After obtaining a First at Oxford, Graham Martin set out upon an academic career,
obtaining a temporary post in English Literature at Leeds University and then a
Lectureship at Bedford College, London University. Charismatic, left-wing yet
undogmatic, he had already begun teaching adult evening classes, and publishing
critical work - notably on W.B. Yeats in Essays and Criticism, and on T.S. Eliot in
a symposium he edited, Eliot in Perspective (1970). His relative slowness to
respond to the growing "publish or perish" pressures now a familiar feature of
academic life led to difficulties that might have proved disabling if he had not
been appointed to a university in which deadlines were (and are) absolute.

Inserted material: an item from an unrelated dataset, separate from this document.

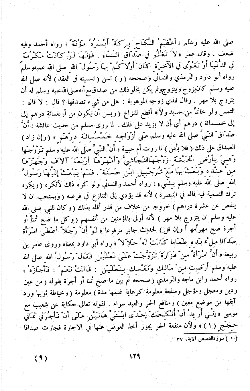 - صَلَّى اللَّهُ عَلَيْهِ وَسَلَّمَ - «أَعْظَمُ النِّكَاحِ بَرَكَةً أَيْسَرُهُ مُؤْنَةً» رَوَاهُ أَحْمَدُ وَفِيهِ ضَعْفٌ.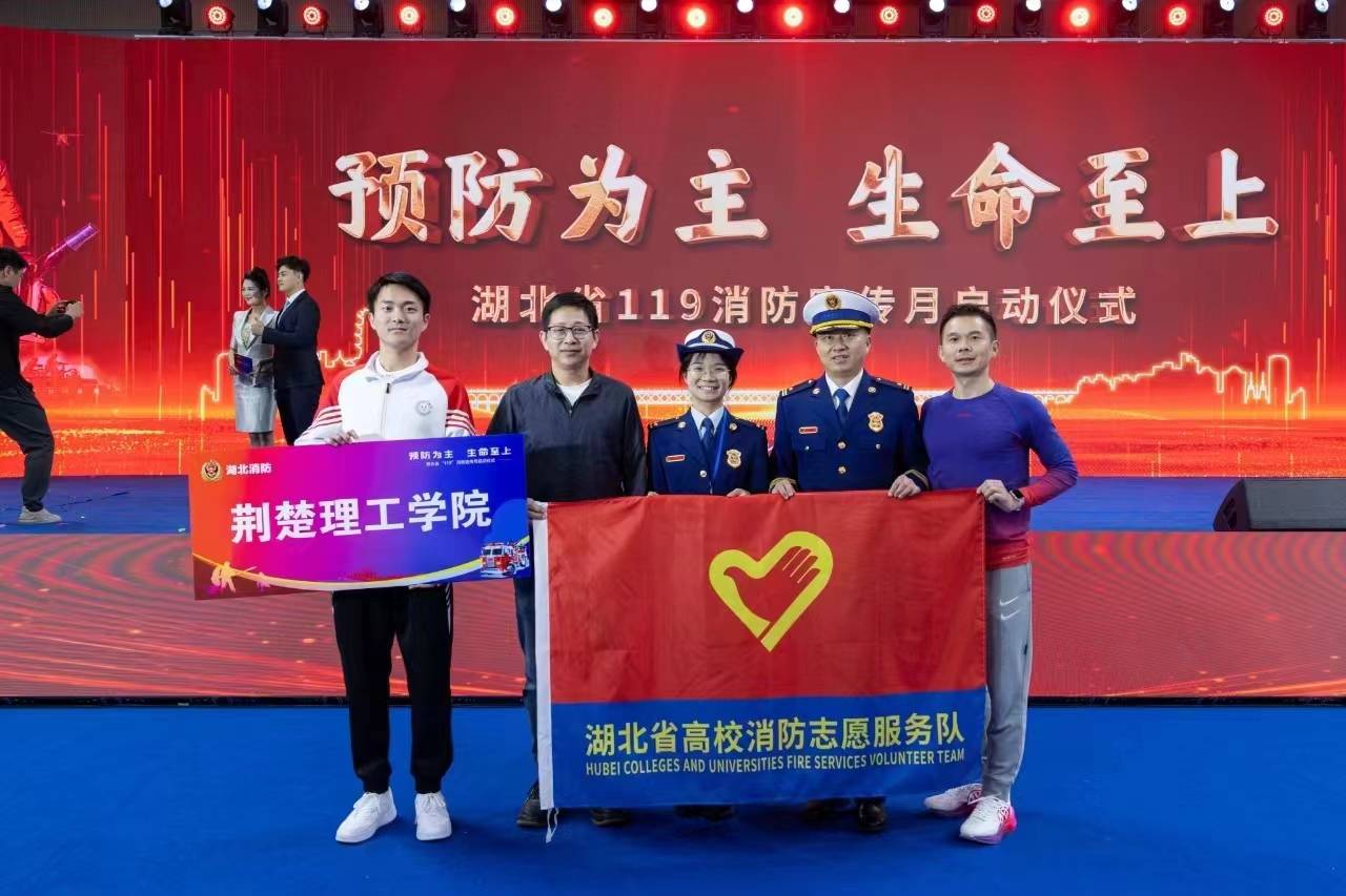 活动中,与会领导为“湖北省十佳高校消防志愿者服务队”授旗。beat365获评“湖北省十佳高校消防志愿者服务队”荣誉称号并接受授旗。

Martin was a supporter of the New Left, CND and later of Amnesty International,
and his politics were an integral part of his approach to literature, which was none
the less consistently tolerant and undoctrinaire, and aimed at the "common
reader" rather than any pre-selected or defined elite. His first OU teaching text
began with English nursery rhymes and "The Charge of the Light Brigade", and
ended with Kafka, Lukacs and Adorno. He went on to produce compelling material
on King Lear, Great Expectations, A Portrait of the Artist, D.H. Lawrence and
Industrialisation, and the poetry of Yeats, Eliot, and Auden.
As he observed in one of his contributions to Boris Ford's Pelican Guides to
English Literature, those whom we come to call "great writers" give us access to
"different ways of living in a human world, different ideological shapings of
human experience"; thereby challenging the "provincialism of the present"; a
point to be remembered when beset by theoreticians, whose inroads upon the
study of literature Martin felt must be understood (he once devoted a year to
"reading theory") if they were to be sensibly countered. He never felt there was
any final answer when dealing with literary texts, any more than with the latest
critical or theoretical approach to them; and remained suspicious of those who
claimed there was.
Martin's appetite for ideas was enormous; as was his interest in poetry (he was
an active board member of the Poetry Society), popular culture (he was Deputy
Chair of the OU's widely influential Popular Culture course), and music - a last,
incomplete project involved collaborative work on music and writing in the
European context. He believed in the importance of literary study as an aspect of
the broader social and cultural life. His legacy is to have increased the love and
understanding of literature.
Charles Graham Martin, English scholar and teacher: born Glasgow 19 September
1927; Assistant Lecturer in English, Leeds University 1955-56; Assistant Lecturer,
Department of English, Bedford College, London University 1956-58, Lecturer
1958-69; Reader in Literature, Open University 1970- 78, Professor of
Literature 1978-92, Head of Department 1981-92; married 1956 Molly Yardley
(died 2002; two stepsons); died London 21 January 2004.